What I built (your responsibilities)
- Implemented document indexing and query processing primitives in Go.
- Defined index/schema APIs and search endpoints (
/v1/search, index/admin routes). - Structured storage around segment concepts to support incremental indexing and merging.
- Added highlight/snippet handling and observability-oriented endpoints (
/v1/metrics,/v1/health).
Architecture
The service accepts batched indexing requests, tokenizes and writes postings/doc stores into segments, then serves ranked BM25 results from query endpoints with optional highlighting.
Tech stack
- Go
- HTTP REST endpoints
- Inverted index + posting lists
- BM25 scoring
- k6 load-test scenarios
Key challenges & solutions
- Challenge: Keeping indexing and query flow understandable. Solution: Split responsibilities into schema registry, index/search internals, and storage segments.
- Challenge: Balancing retrieval quality with speed. Solution: Combined BM25 ranking with field weighting and posting-list based term lookups.
- Challenge: Preventing operational blind spots. Solution: Included health/metrics endpoints and documented load-test thresholds.

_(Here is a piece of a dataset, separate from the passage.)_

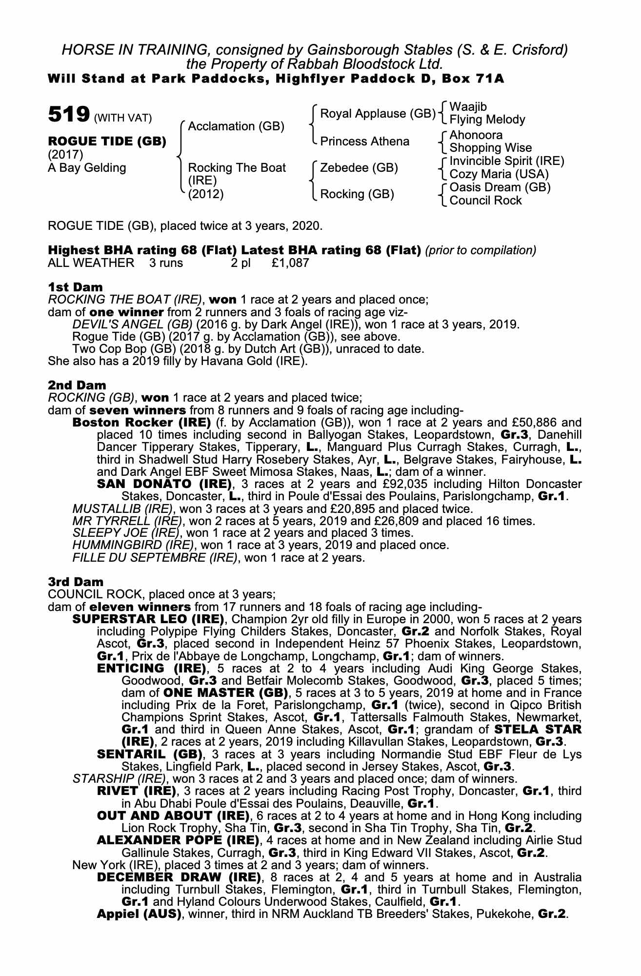 Consignor: Gainsborough Stables (S. & E. Crisford)

- Challenge: Supporting controlled write/admin access. Solution: Added token-based protection options for admin and indexing endpoints.
Outcomes / current status
The project is in a stable, documented state with working API contracts and load-test scaffolding. README targets mention throughput goals (including >100 queries/s target on a single node) and latency/QPS validation via loadtest/.